Excerpts from a dataset:

★ ★ ★

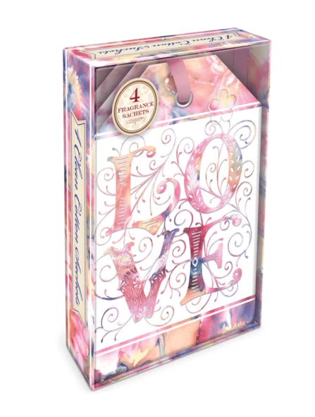 Meet the perfect aromatic companion for your closet or dresser. Each box contains 4 scented sachets with gold or silver metallic grommet and coordinating ribbon for hanging.
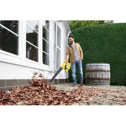 Der Kärcher Akku-Laubbläser LBL 4 Battery ist ein leistungsstarker Laubbläser für die kraftvolle Reinigung des Außenbereichs. Der Laubbläser ermöglicht das problemlose Wegblasen von Laub, Pflanzenresten, Grünschnitt und anderen Gartenabfällen im Garten und rund ums Haus. Aufgrund des handlichen Designs und des Akkubetriebs können Sie sich frei bewegen und sind nicht an eine Stromquelle gebunden. Darüber hinaus ist der Betrieb deutlich emissionsfreundlicher als beispielsweise von benzinbetriebenen Laubbläsern.
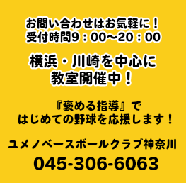 ユメノベースボールクラブ神奈川は、『褒める指導』、『遊び要素を取り入れた練習メニュー』で、野球の楽しさを学んでいただくクラブです。
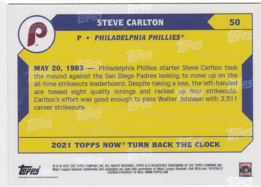 2021 TURN BACK THE CLOCK #50 STEVE CARLTON- PHILADELPHIA PHILLIES
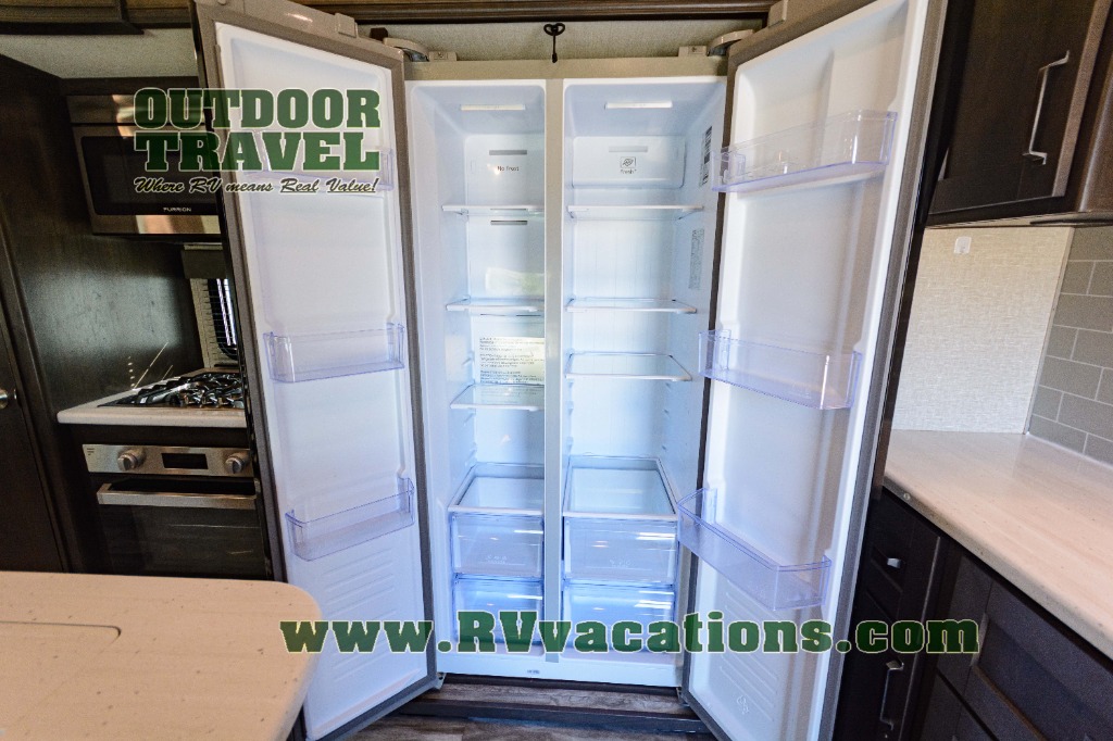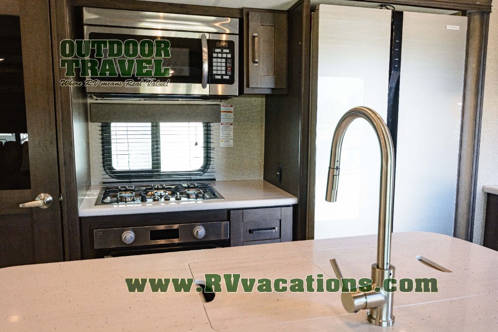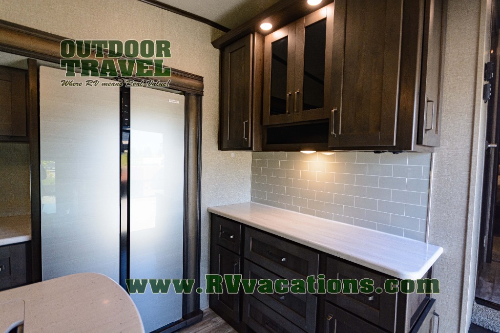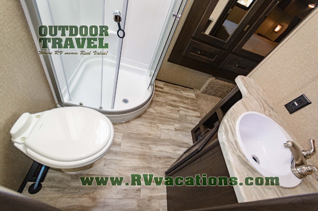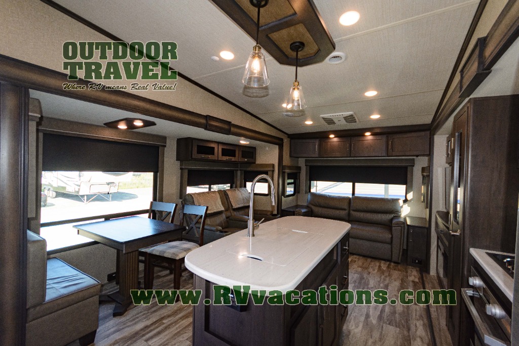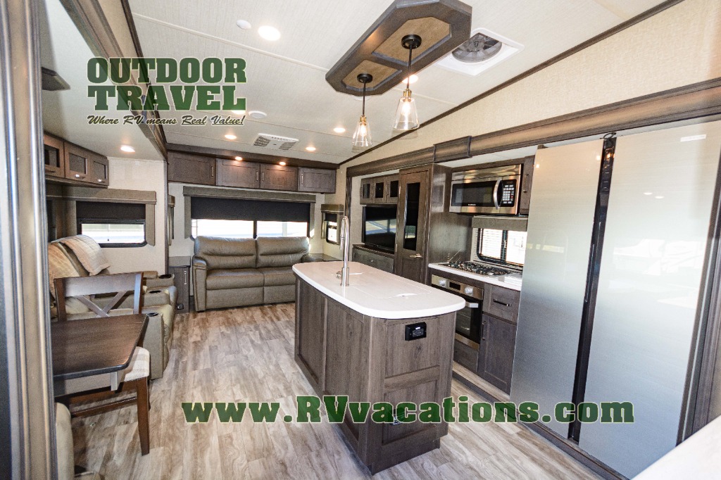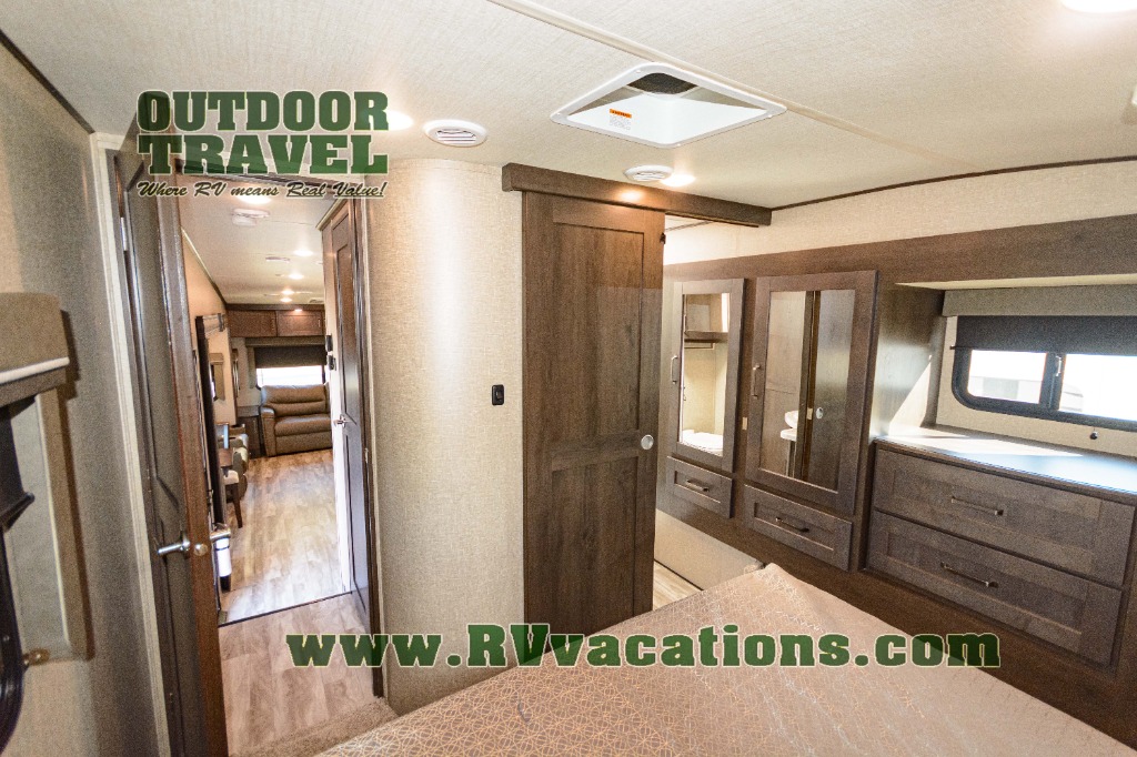 Whether you travel for pleasure or work, you will love the spacious main living and kitchen area with a rear tri-fold sofa that doubles as extra sleeping space, and the theatre seating directly across from the entertainment center with a 40" LED HDTV and a fireplace below. The kitchen island will make meal prepping and drying the dishes easier and the hutch is the perfect place to place your picture frames, nice dishes, and extra cooking items, plus the pantry is big enough to store all of your favorite snacks, dry ingredients and such. Outside you can enjoy two electric awnings that provide protection from the elements as you relax and visit with other RVers, and your camping chairs can easily be stored in the pass-through compartment. The double entry bathroom is convenient especially at night when you can slide the door to enter from the front master bedroom. You will find plenty of storage for your clothing and things, plus the bedroom slide out gives you drawers and linen storage that stretches into the full bathroom.
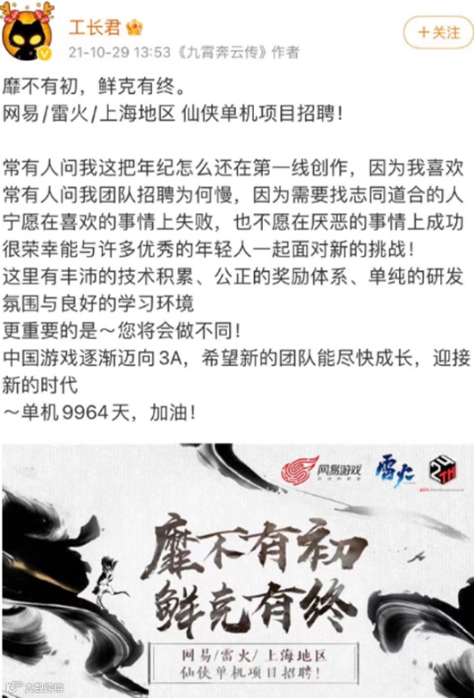 ▲工长君在微博上发布网易雷火旗下临安24th工作室招聘启事

★ ★ ★

Reproduce the lines above beginning at the line that contains "Der Kärcher Akku-Laubbläser" and ending at the line that contains "2021 TURN BACK". No pictures.

 Der Kärcher Akku-Laubbläser LBL 4 Battery ist ein leistungsstarker Laubbläser für die kraftvolle Reinigung des Außenbereichs. Der Laubbläser ermöglicht das problemlose Wegblasen von Laub, Pflanzenresten, Grünschnitt und anderen Gartenabfällen im Garten und rund ums Haus. Aufgrund des handlichen Designs und des Akkubetriebs können Sie sich frei bewegen und sind nicht an eine Stromquelle gebunden. Darüber hinaus ist der Betrieb deutlich emissionsfreundlicher als beispielsweise von benzinbetriebenen Laubbläsern.
 ユメノベースボールクラブ神奈川は、『褒める指導』、『遊び要素を取り入れた練習メニュー』で、野球の楽しさを学んでいただくクラブです。
 2021 TURN BACK THE CLOCK #50 STEVE CARLTON- PHILADELPHIA PHILLIES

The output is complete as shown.